Ugoff
- Ugoff
- Agency: Crispin, Porter + Bogusky
- Client: Burger King
- Product: Salads;
- Release date: 2005
- Starring: Daniel Raymont;

= Ugoff =

2004 Burger King advertising campaign

Ugoff is a fictional character, played by actor Daniel Raymont, in a 2004 ad campaign for Burger King directed by Roman Coppola with music composed by Devo singer Mark Mothersbaugh. It was to promote the new "Fire-Grilled Salads" and the paper "Salad Pouch", which was used to keep the chicken and shrimp warm for the salad entrées. It was created by the Miami advertising agency Crispin Porter + Bogusky.

==History==
The Ugoff television commercial premiered May 13, 2004, during the series finale of the long-lived NBC sitcom, Frasier. The campaign ads called "House of Ugoff" featured the actor playing a fictional model and designer named Ugoff. He is supposed to be one of ambiguous European nationality (yet his pronunciation is German) who models his alleged invention, the "Salad Pouch". This very cocky, demanding and flamboyant character spouts various catchphrases throughout the ad such as "Please. I am Ugoff", and "Ugoff is hungry!".

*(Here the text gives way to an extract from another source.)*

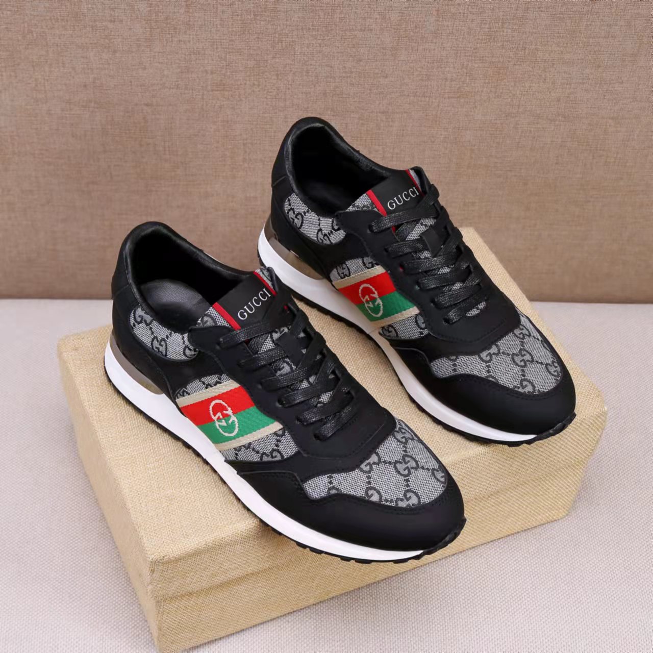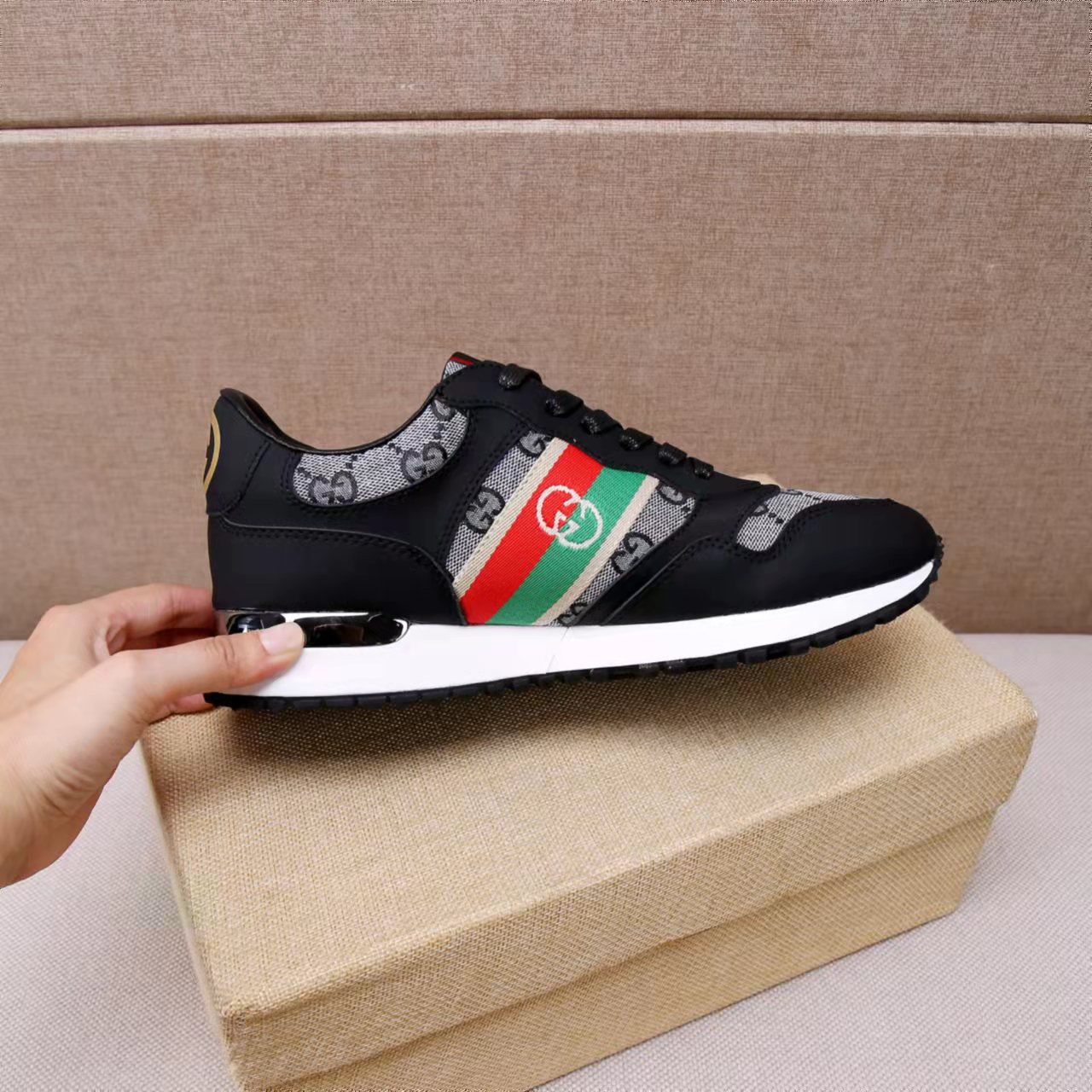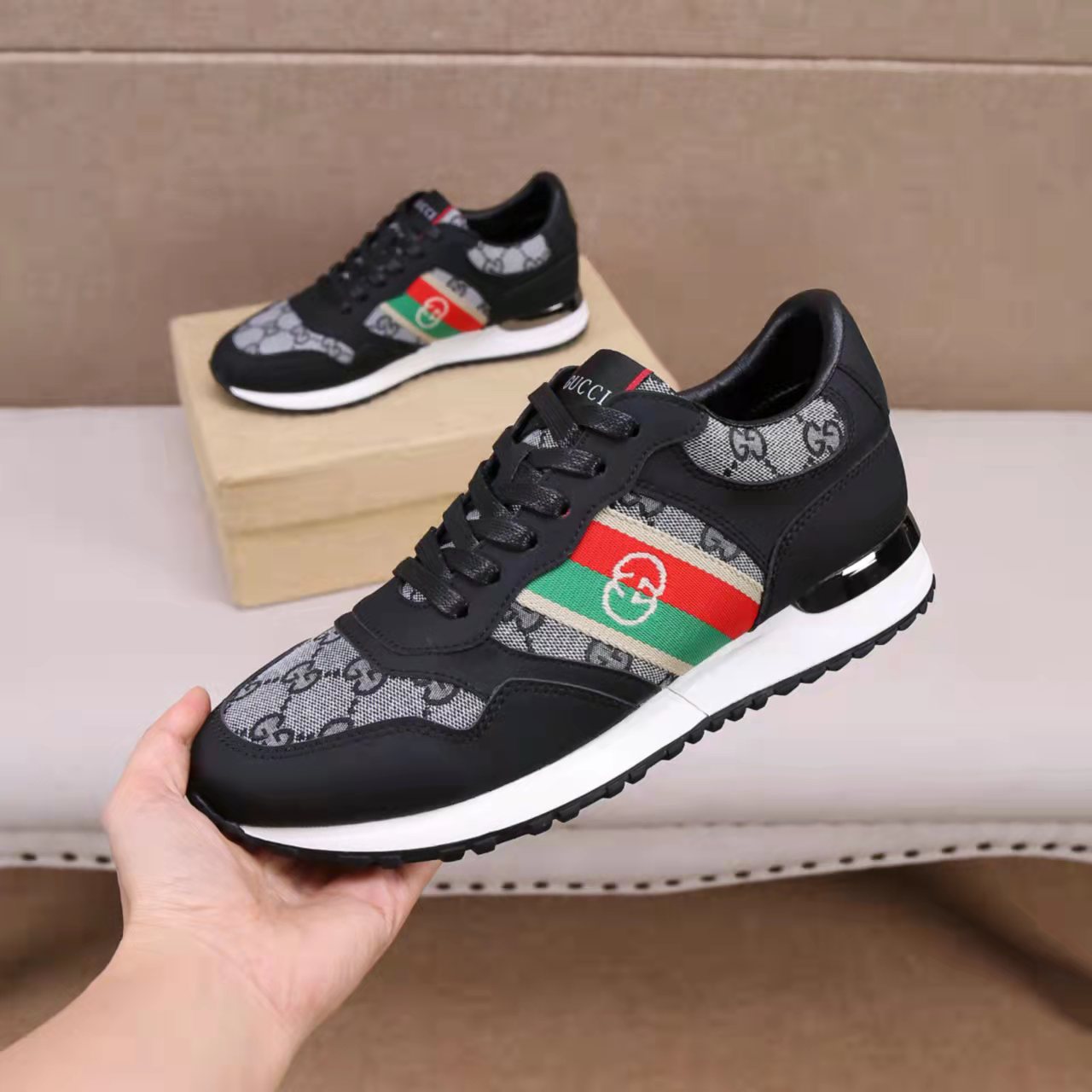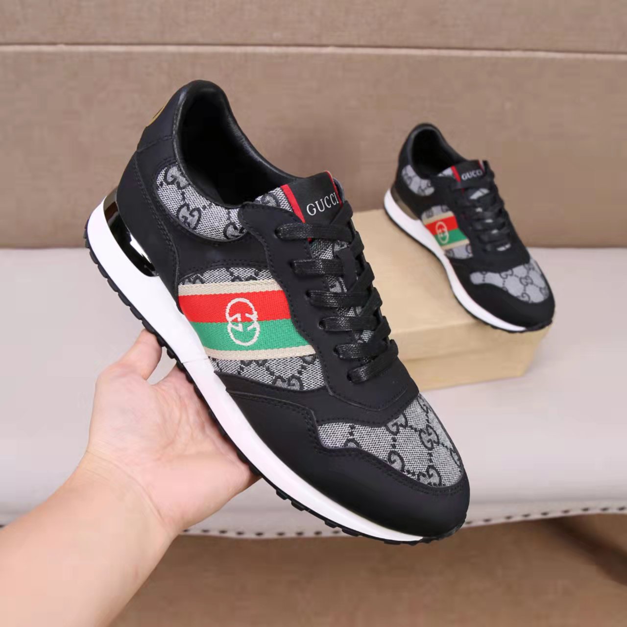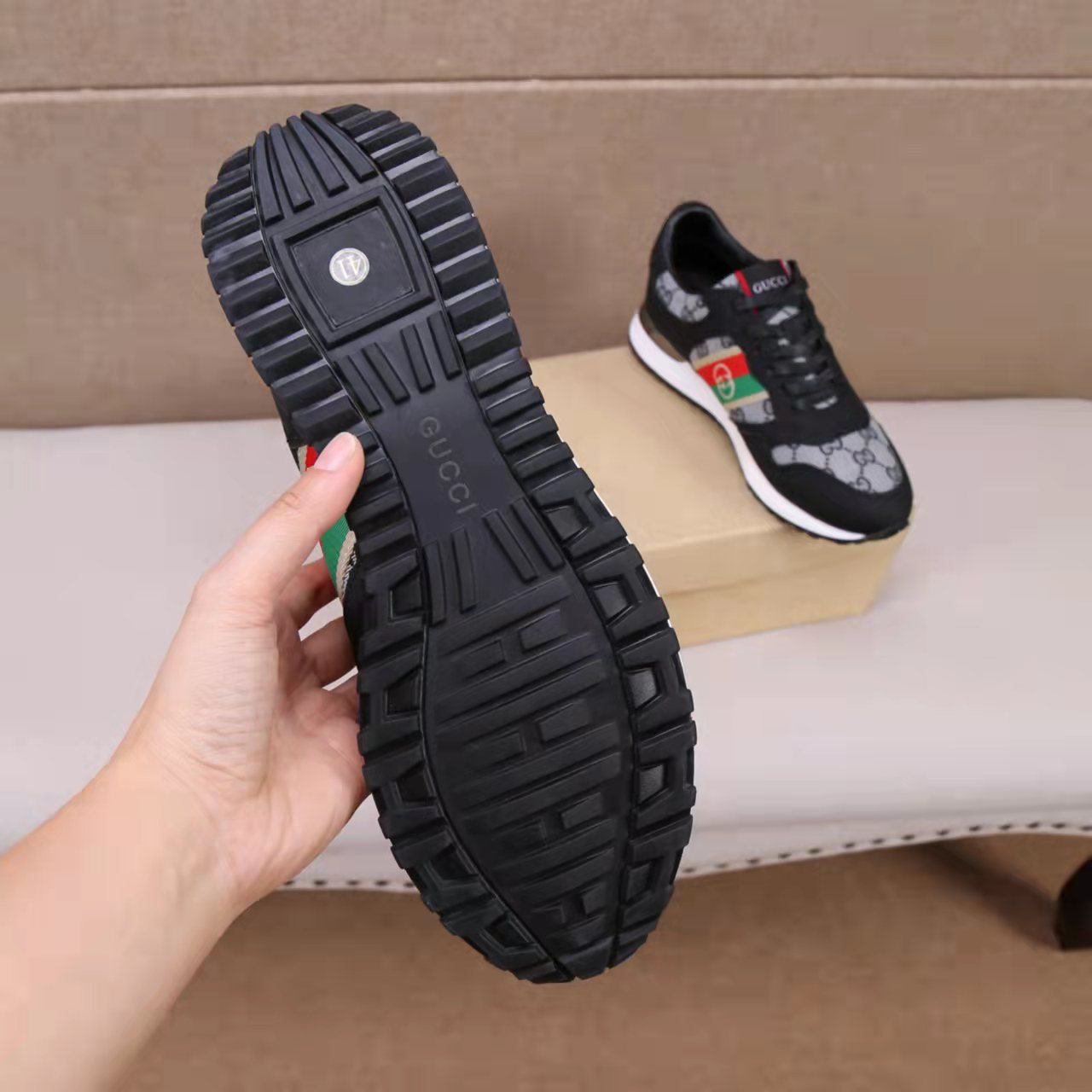 This shoes is AAAAA 1:1 quality (superb). Materials used are identical to the original ones. Gucci trademark marks are indistinguishable to the authentic. Photos take by actual shoes, what you receive will be 100% same with our photos.

The TV ad also plugged Ugoff.com (which now redirects to BK's website)- an Adobe Flash-based site that used viral marketing, similar to the "Subservient Chicken", to spread the word of the promotional item. It featured multimedia including various pictures and quotes by Ugoff as well as the Ugoff television commercial.

This campaign continued through the summer of '04 and has since been retired.